The Internet isn't a product, or even a set of products. It's a medium, like radio or TV. This is a point being missed by investors looking at web businesses of all types, whether they're based on content, commerce, or services. The medium is fluid, and the stakes are always increasing.

The product acceptance curve is Marketing 101.

Sales rise slowly at first, until the product reaches critical mass, then there’s a rush of buying. Eventually, growth levels off, and the market turns to replacements.

This curve can be traced in every product category. It was true for VCRs, and it’s true for the Internet.

Marty Chenard, author of “The Course on Advanced Direct Marketing,” uses the curve to teach you how to set prices. The formula is simple: You describe the product or service to a sample of people then ask what a fair price, a bargain price, and a full price would be. As you climb the “hockey stick” portion of the curve, where growth is fastest, you want to get full price. Once most people have the product, however, you want to move toward the bargain price.

The implication of this exercise is that new products are better than old ones. The sweet spot occurs just after all the early adopters have the product, when the buzz is loudest, and when people start rushing to the stores for it.

This year, the Internet has been hit by the back end of that curve. Most people have dial-up Internet access. It’s an established technology. This means all sorts of follow-on products based on dial-up access (like your web site) are no longer on the fast growth track, either.

That’s the conventional market wisdom. It’s why venture capitalists and commentators are so fascinated with broadband (which may just be turning the corner) and wireless data (which may be about to) but aren’t interested in you. These new technologies are near their sweet spots, where the big profits are. The assumption is that if you want your site to grow, you have to serve these new markets, even at the expense of the old.

But it occurs to me that this conventional wisdom may be wrong. That’s because the Internet isn’t a product, or even a set of products. It’s a medium, like radio or TV.

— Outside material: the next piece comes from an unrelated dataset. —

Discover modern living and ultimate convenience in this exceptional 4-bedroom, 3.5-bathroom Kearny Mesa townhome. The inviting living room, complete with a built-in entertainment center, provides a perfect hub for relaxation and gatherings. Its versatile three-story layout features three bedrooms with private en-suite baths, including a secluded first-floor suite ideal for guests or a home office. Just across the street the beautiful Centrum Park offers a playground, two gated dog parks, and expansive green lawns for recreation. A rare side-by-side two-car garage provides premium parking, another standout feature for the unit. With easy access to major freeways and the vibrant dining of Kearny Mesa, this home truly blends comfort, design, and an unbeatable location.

It was exciting to be in the radio business during the 1920s and the TV business during the 1950s, but the good times didn’t end there. This was especially true for those who used either medium. For the folks who write, produce, and star in TV shows, these are the good old days. The late, great Steve Allen took home a lot less in his paycheck back then than, say, Jay Leno does today.

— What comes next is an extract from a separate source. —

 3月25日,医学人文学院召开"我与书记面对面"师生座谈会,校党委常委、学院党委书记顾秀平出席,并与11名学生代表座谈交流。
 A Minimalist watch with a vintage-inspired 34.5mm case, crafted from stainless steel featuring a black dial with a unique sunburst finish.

This is a point being missed by investors looking at web businesses of all types, whether they’re based on content, commerce, or services. The medium is fluid, and the stakes are always increasing. New stars can always be made, and those stars will earn far more than the old stars did.

Your web site, in other words, isn’t like TV or radio, whose success depends on where we are along the hockey stick curve of the Internet’s acceptance. Your site is a show, living on a huge, growing, and changing medium. Prove that you’ve got talent, and the rewards will come. It’s true today, and it will remain true 30 years from now.